В течение целой недели Монжене не мог видеть Лоренции и не смел спросить у Лавалле о причине такого отказа и молчания: так страшился он мысли, что над ним пошутили, так боялся он убедиться в справедливости своей догадки!

Между тем, Полина и Лоренция жили под домашними бурями. Лоренция старалась привести подругу к откровению, но без успеха. Чем больше искала она случая отвратить Полину от Монжене, тем больше Полина страдала, не прибегая к благодетельному средству, которое могло спасти ее.

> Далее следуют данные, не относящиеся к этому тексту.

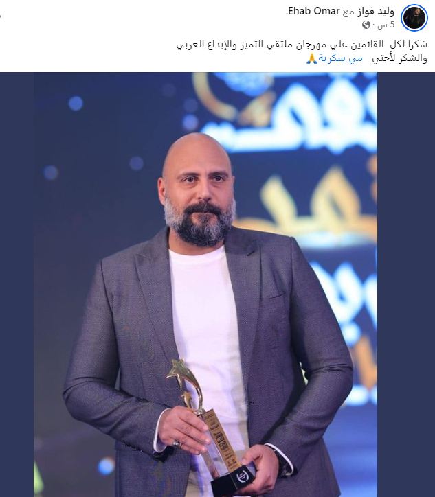ونشر الفنان وليد فواز، عبر حسابه الشخصي على موقع تبادل الصور والفيديوهات الفيس بوك، صورة من تكريمه ملتقى التمير والإبداع الفني في دورته الثانية.

Полина оскорблялась, видя, что у нее хотят выведать тайну души. Она знала о хитростях Лоренции против Монжене и объясняла их так же, как он. Она чрезвычайно сердилась на подругу за то, что та старалась и успела отнять у нее любовь человека, которого она до сих пор не считала обманщиком. Поведение Лоренции она приписывала гнусному желанию видеть всех мужчин у своих ног. «Лоренции нужно было, — думала она, — привлечь самого равнодушного, когда она увидала, что он меня любит. Я стала для нее ненавистной и презренной с той минуты, когда меня заметил один мужчина в ее присутствии. Вот источник ее нескромного любопытства и шпионства: она хотела узнать, что происходит между ним и мной. Она старалась, чтобы он не мог меня видеть. Она расстроила слабого человека, очарованного ее славой, которому надоела моя печаль».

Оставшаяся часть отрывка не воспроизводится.